▶ ABOUT THIS EXERCISE:
Required from the data below: the exact lines starting at the line containing "- Ett par mjuka" and ending at the line containing "This big duplex", with both ends kept and all pictures dropped.

** EXERCISE DATA follows **

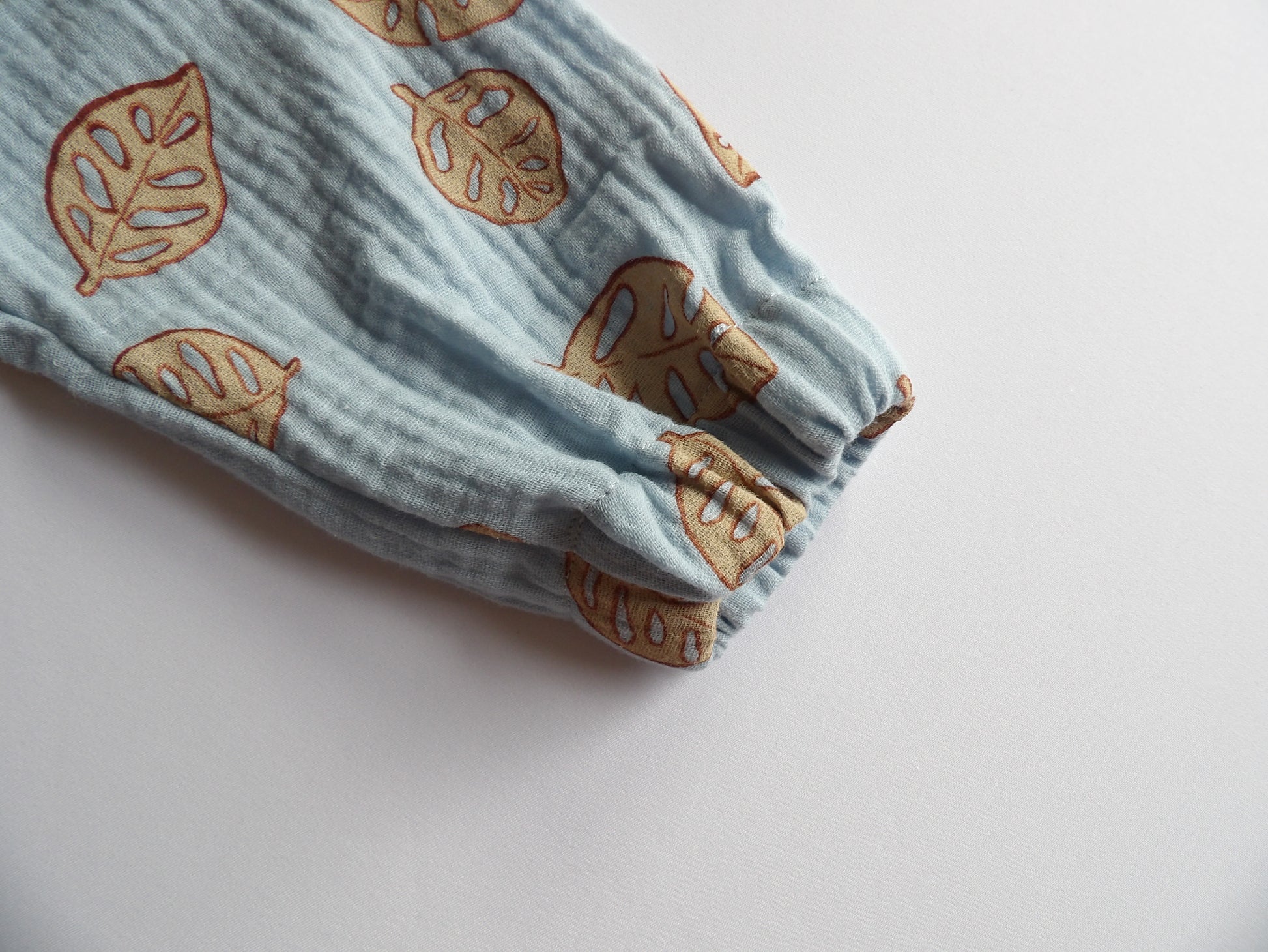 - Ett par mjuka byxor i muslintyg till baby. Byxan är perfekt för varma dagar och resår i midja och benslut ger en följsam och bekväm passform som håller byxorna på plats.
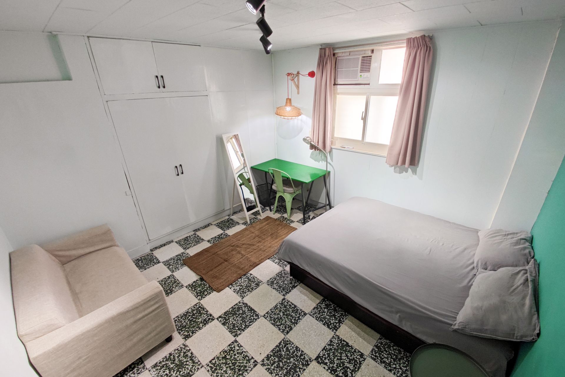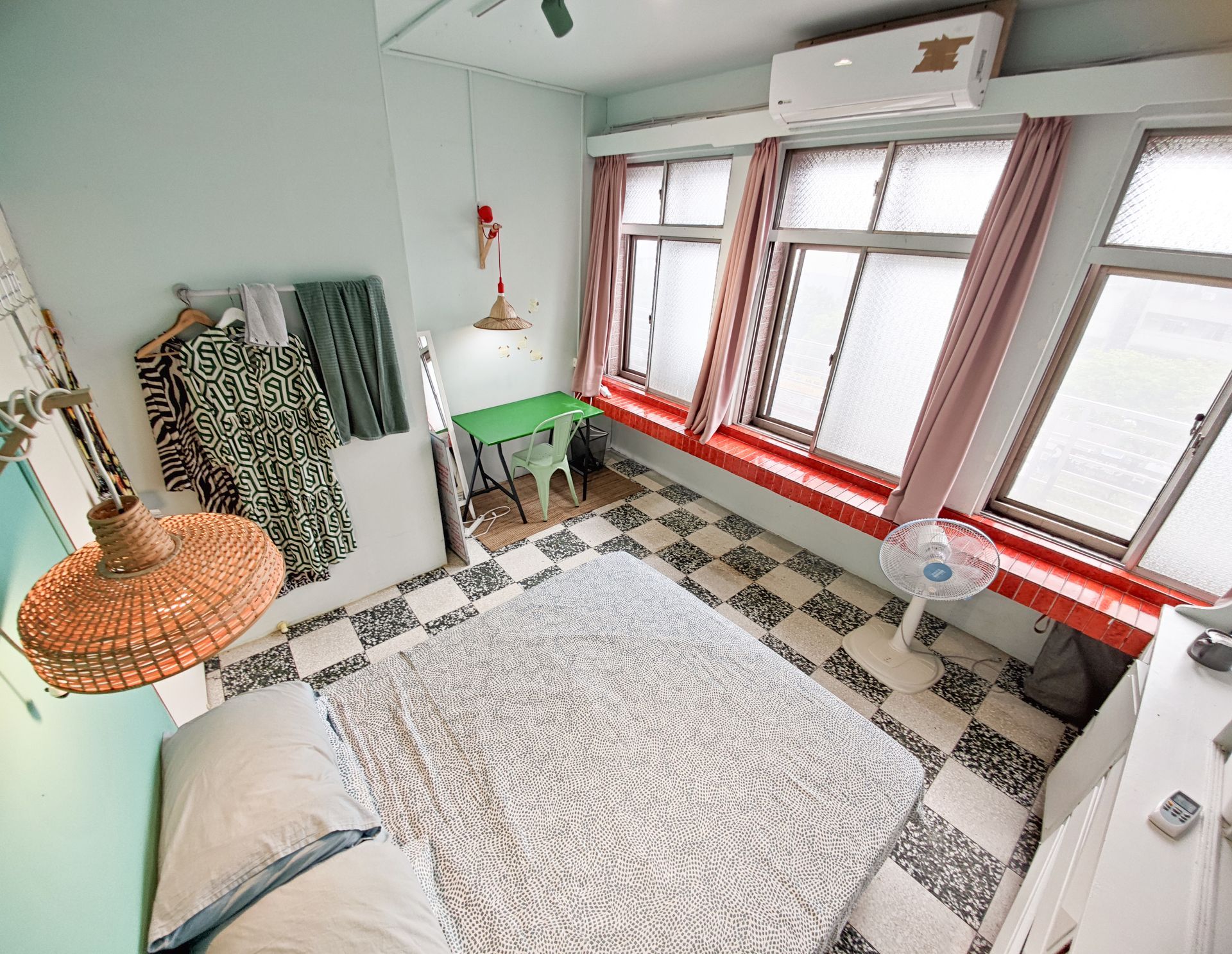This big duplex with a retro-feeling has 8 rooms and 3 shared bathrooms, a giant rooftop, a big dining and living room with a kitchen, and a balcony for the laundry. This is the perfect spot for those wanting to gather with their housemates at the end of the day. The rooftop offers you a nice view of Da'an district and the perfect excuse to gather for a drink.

** End of EXERCISE DATA **
** EXERCISE DATA follows **

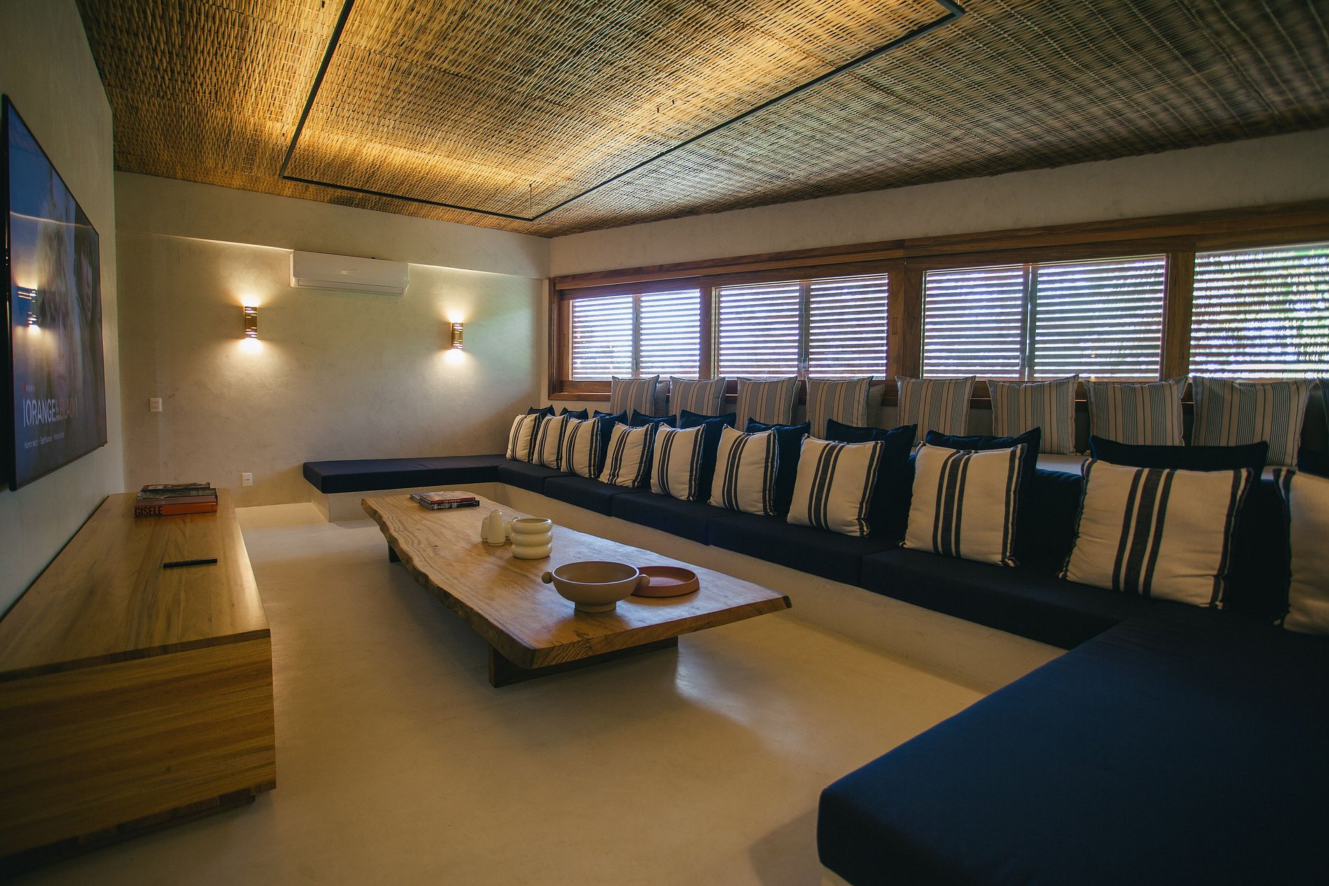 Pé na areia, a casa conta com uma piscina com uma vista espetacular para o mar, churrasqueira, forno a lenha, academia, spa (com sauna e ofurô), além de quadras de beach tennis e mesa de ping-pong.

** End of EXERCISE DATA **

▶ RESPONSE:
 - Ett par mjuka byxor i muslintyg till baby. Byxan är perfekt för varma dagar och resår i midja och benslut ger en följsam och bekväm passform som håller byxorna på plats.
This big duplex with a retro-feeling has 8 rooms and 3 shared bathrooms, a giant rooftop, a big dining and living room with a kitchen, and a balcony for the laundry. This is the perfect spot for those wanting to gather with their housemates at the end of the day. The rooftop offers you a nice view of Da'an district and the perfect excuse to gather for a drink.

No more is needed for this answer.